Out-of-Sample Forecasting and Evaluation

Learn to perform out-of-sample forecasts and how to evaluate them.

Motivation

The ultimate goal of many time series models is to be able to predict the future realizations of a process. A good time series model needs to forecast at an acceptable level of accuracy in production, using data that it hasn’t seen before. In other words, the model must perform well out-of-sample.

Out-of-sample forecasting can come in many flavors, though. When developing our solution, we need to ask ourselves questions such as:

  • Do we want to forecast one or multiple steps ahead?

  • How many steps ahead is it useful/necessary to forecast? How many of these can we confidently predict?

  • How often do we want to update our model? Is it worth the cost?

  • What is an acceptable level of performance?

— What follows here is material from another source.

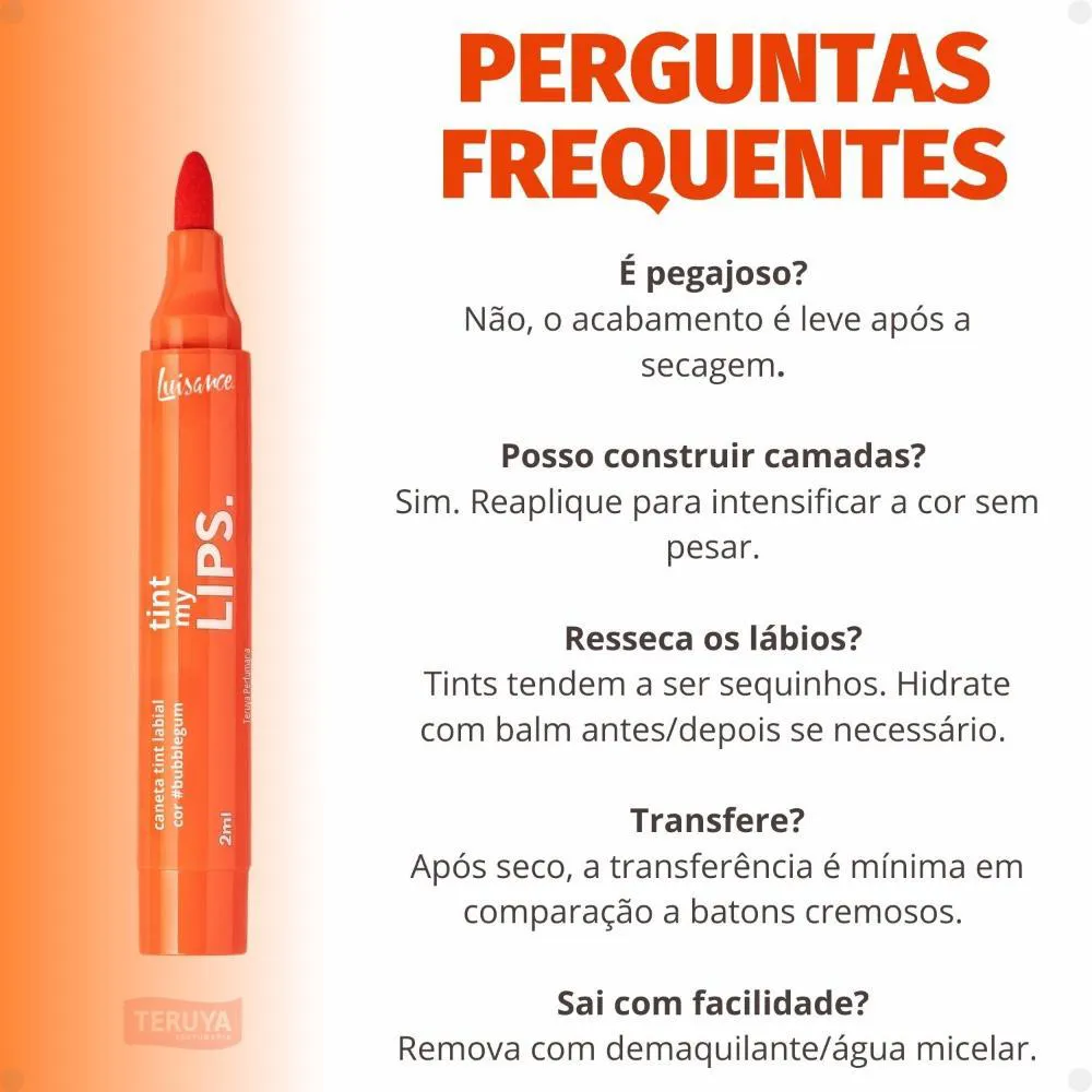 lábios. Este tint labial é a escolha perfeita para quem busca um toque de cor duradouro com a praticidade de uma caneta. Com sua fórmula vegana e cruelty-free, a Caneta Tint Labial Bubblegum não só realça sua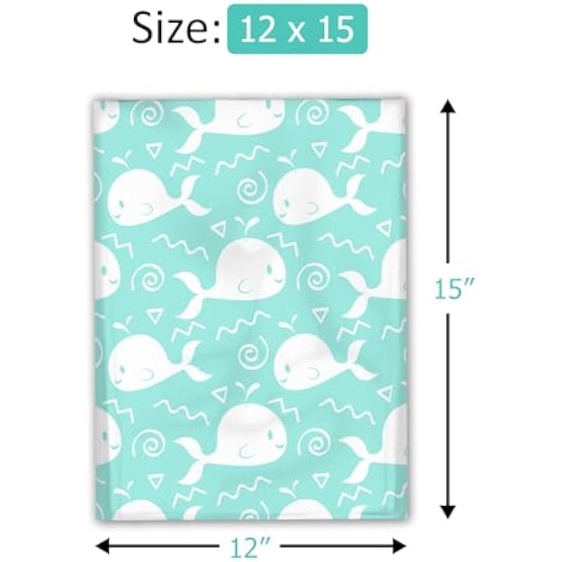 12×15 (50) Blue Whales Designer Poly Mailers Waterproof Self Sealing Tear Resistant Polymailers Shipping Envelopes Premium Printed Bags For Small Businesses

Our use case will usually determine the answer to most of these questions. Demand prediction, for instance, might require a constant update of our model and near real-time predictions. For more stable processes, such as our temperatures dataset, we might not need to update our model very often. However, we might still need to update our multiple-step-ahead forecasts as soon as we get new data. The question about the acceptable level of performance requires choosing an evaluation metric. This will typically be the MSE or the RMSE.

Appending new data

The ARIMAResults object in statsmodels has a handy method called append() for updating the model’s data. This method creates a new results object with an updated dataset, including the latest data that comes after the original model’s last observation. For instance, imagine that we have trained a model using temperatures from January 1, 2020, to December 31, 2020. If we were to apply the append() method, we’d need to give it data starting from January 1, 2021.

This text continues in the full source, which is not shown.